Matula first called attention to several interesting aspects of the Maximum Clique problem on G(Np). From the expected number of cliques n(KN), of size K at \(p = 1/2\)7:

$$\begin{aligned} n(K,N) = {N \atopwithdelims ()K} 2^{-{K \atopwithdelims ()2}}, \end{aligned}$$
(1)

using Stirling’s approximation, one can see that this is large at \(K = \log _2 N\) but becomes vanishingly small for \(K > 2\log _2 N\), providing an upper bound to K. Matula identified \(K_{\text {max}}\) as the largest integer such that

$$\begin{aligned} n(K_{\text {max}},N ) \ge 1. \end{aligned}$$
(2)

and7,8 expanded the finite N corrections to the continuous function R(N) solving \(n(R,N) = 1\):

$$\begin{aligned} R(N)=2\log _2 N-2\log _2 \log _2 N+2 \log _2 e. \end{aligned}$$
(3)

This formula is also discussed in Bollobás and Erdös9 and by Grimmett and McDiarmid10. We will focus on \(K_{\text {max}}\), the predicted actual maximum clique size. In effect, its value follows a staircase with the prediction (3) passing through the risers between steps, as shown in Fig. 2. Across each step \(n(K_{\text {max}},N)\) grows from 1 to \(\mathscr {O}(N)\). The number of maximum cliques per site in the graph that results is shown in Fig. 3. We see that at the left edge of each step, cliques of size \(K_{\text {max}}\) are very rare, but at the right edge of that step, each site is possibly contained in multiple maximal cliques, while cliques of size \(K_{\text {max}} + 1\) have an expectation which has reached 1. Thus across each step, the probability of finding a clique of larger K decreases by a factor of \({\mathscr {O}}(N)\) for each increase by 1 in K.

Figure 2
figure 2

Maximum size of a clique in G(N, 0.5) as function of the order of the graph. In green are presented \(K_{\text {max}}\), result of solving (2) and R(N) given by (3), respectively. In black is plotted the value of \(2 \log _2 N\) and in blue, \(\log _2 N\).

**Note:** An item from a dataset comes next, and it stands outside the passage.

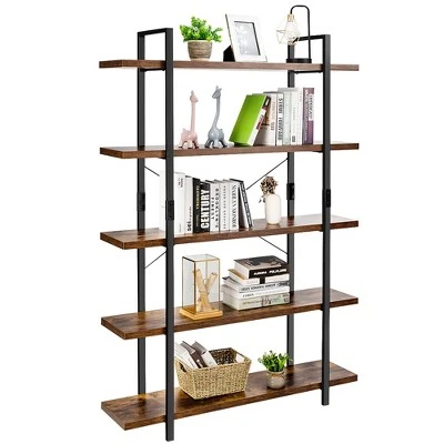 If you are looking for an ideal storage solution and want to add unique retro beauty to your living room, bedroom or study, this industrial bookshelf will do its magic! . Made of high-quality cellular board and iron, our 5-tier storage shelf is sturdy and durable for a long-time use. Equipped with anti-tip fittings, the bookcase can be anchored to the wall so as to avoid wobbling or tipping. And the x-shaped bracket at the back can reinforce its frame. This multipurpose shelf can be used as a bookcase, flower stand or display rack for holding books, photo frames, plants, etc. It can be widely used in living room, bedroom, kitchen and many other places. In addition, our easy-to-follow assembly instruction will guide you through each step! . Specification: Material: Cellular Board + Iron. Color: As the picture shows. Overall Dimension: 47” x 11” x 70” (L x W x H) . Net weight: 41 lbs. Weight Capacity of Each Shelf: 44 lbs. Package includes: . 1 x 5-Tier Bookshelf. 1 x Instruction.
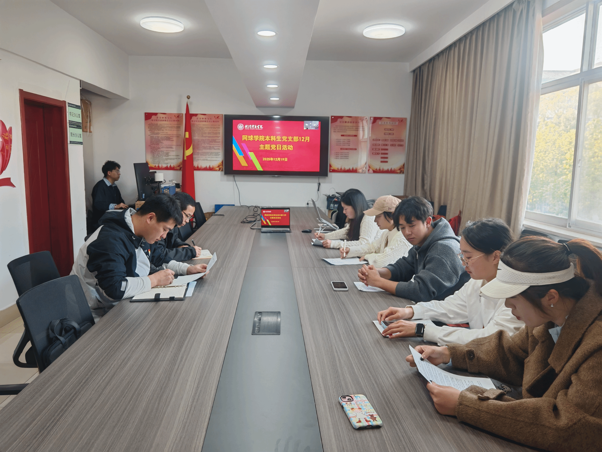 12月19日上午,网球学院本科生党支部在学院会议室召开以“学思践悟强党性,法治文明我先行”为主题的12月份主题党日活动。活动由党支部书记刘长帅主持,支部全体党员参加学习。

Matula drew attention to a concentration result for the clique problem. As \(N \rightarrow \infty\) the sizes of the largest cliques that will occur are concentrated on just two values of K, the integers immediately below and above R(N). From the second moment of the distribution of the numbers of cliques of size K one can bound the fraction of graphs with no such cliques, and sharpen the result11 by computing a weighted second moment. In effect, Markov’s inequality provides upper bounds, and Chebyscheff’s inequality provides lower bounds on the existence of such cliques. The probability that the maximum clique size is \(K_{\text {max}}\) was given by Matula7,8,11. The fraction of graphs G(Np) with maximum clique size \(K_{\text {max}}\), is bounded as follows:

$$\begin{aligned} \left( \mathop {\sum }\limits _{j=\text {max}\{0, 2k-N\}}^k \frac{{N-k \atopwithdelims ()k-j}{k \atopwithdelims ()j}}{{N \atopwithdelims ()k}} p^{-{j \atopwithdelims ()2}} \right) ^{-1}\le \text {Prob}(K_{\text {max}}\ge k) \le {N \atopwithdelims ()k} p^{k \atopwithdelims ()2}. \end{aligned}$$
(4)
Figure 3
figure 3

Expected number of maximum cliques of size \(K_{\text {max}}\) per site in the graph, as a function of N.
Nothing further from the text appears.